A Connecticut bill that would extend a foreclosure mediation program through 2014 passed through the Connecticut legislature’s banks committee, but faces a fight in the wider legislature, according to an article by Kenneth Gosselin in the Hartford Courant.
The mediation program was begun in 2008 in response to the foreclosure crisis that has battered the country’s housing markets. Under the new bill, the program stops lenders from foreclosing unless the delinquent homeowner is informed of their right to pursue mediation. If the mediation process has been started, the bill also prohibits lenders from moving forward with foreclosure until the mediation process is finished.
According to the article from the Courant, the bill is running into opposition from banking interests, which say that the bill could cause the foreclosure process to be drawn out unnecessarily. As of last December, Connecticut had one of the lengthier foreclosure processes in the country, with the average foreclosure taking 283 days (the longest foreclosure time was in Massachusetts, at 373 days).
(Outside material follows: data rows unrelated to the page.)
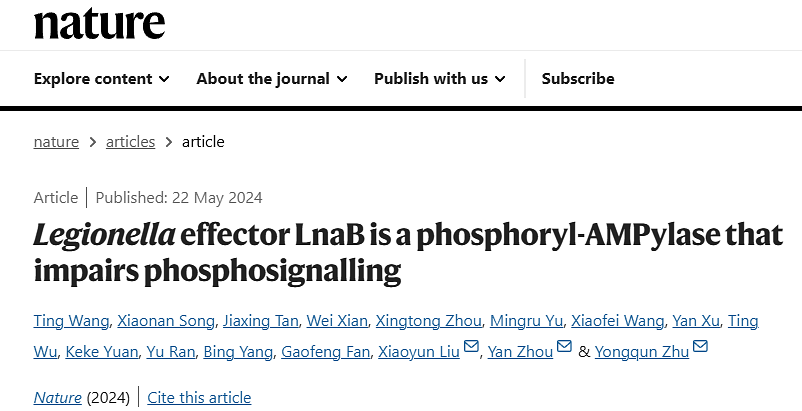 夏天到了,清洗空调是必要的一步,因为空调是许多种病原菌喜欢的藏匿点,嗜肺军团菌就是其中一种。最近,科学家在嗜肺军团菌体内发现了一种全新的细菌“毒素”——效应蛋白LnaB。它一方面主动清理宿主细胞内的有害分子,帮助宿主细胞维持正常生理过程;另一方面抑制宿主细胞对细菌的免疫防御反应,避免嗜肺军团菌被宿主细胞攻击。 5月22日,浙江大学生命科学研究院/动物科学学院朱永群课题组、生命科学学院周艳课题组和北京大学刘小云课题组联合在Nature上发表了题为Legionella effector LnaB is a phosphoryl-AMPylase that impairs phosphosignalling的文章。发现了一类广泛存在于病原菌中新型的LnaB家族磷酰基单磷酸腺苷酸化酶效应蛋白,揭示了全新的磷酰基腺苷酸化修饰和调节磷酸化信号转导的方式,突破了磷酸化是终端化的、在细胞内不可被进一步共价修饰的传统概念。该工作还阐释了病原菌通过同一效应蛋白既保护宿主经典泛素通路,又抑制宿主免疫防御反应,以达到与宿主细胞短期共存的目的,实现了“绵里藏针”的致病策略。
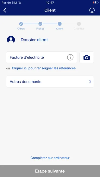 En vous identifiant, vous pouvez enregistrer par une simple prise de photo, les informations nécessaires à la constitution du dossier relatif aux offres Agir Plus d'EDF.
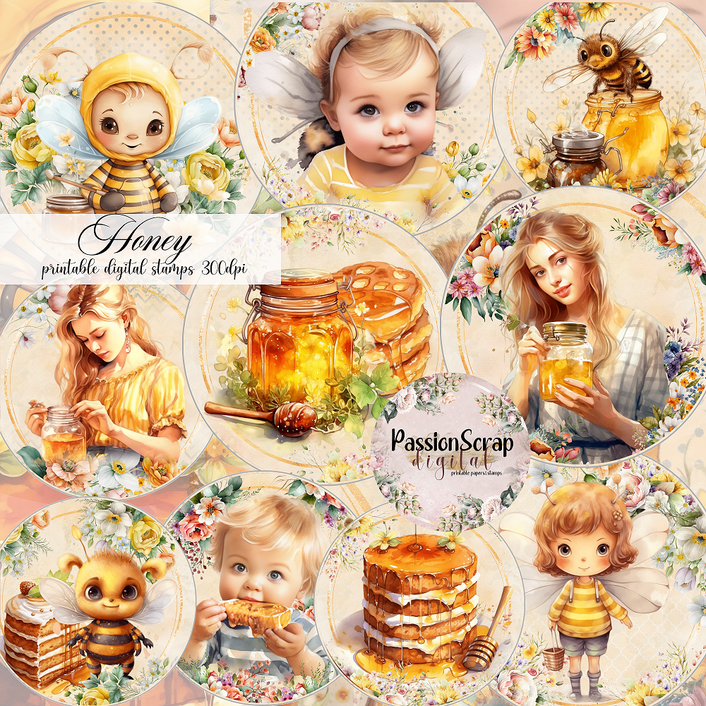 Honey - 10 osobnych digi stempli PNG do samodzielnego wydruku w jakości 300 DPI Po opłaceniu zamówienia na podany przy rejestracji adres email otrzymasz link z dostępem do pobrania plików.
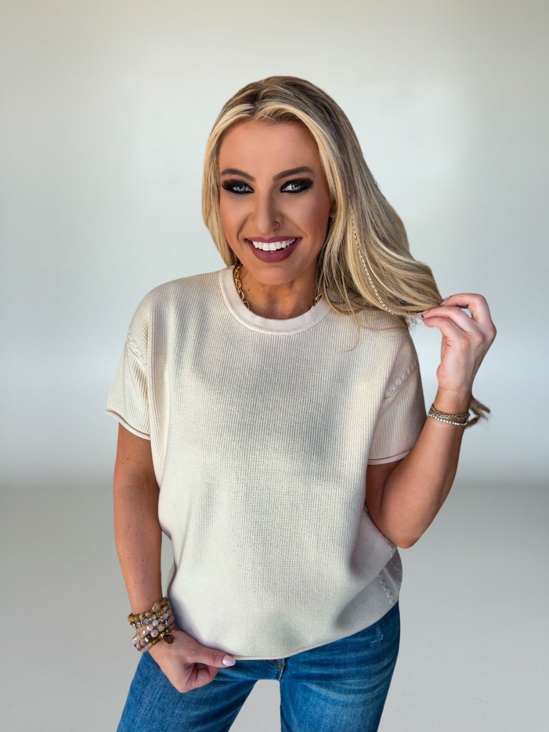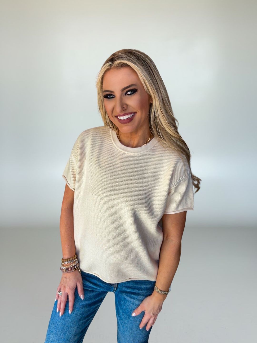 Short sleeves create an easy, transitional style ideal for layering or wearing on its own

Foreclosures are down for seven straight months on a year-over-year basis, but this is more likely a result of slowed or suspended foreclosure processes because of the robo-signing crisis than the result of improving economic conditions. The foreclosure mediation program has been successful in reaching an agreement about 75% of the time, in 6,086 of 8,080 cases that went to mediation. As of yet there are no figures that show how many of the modified loans go back into foreclosure.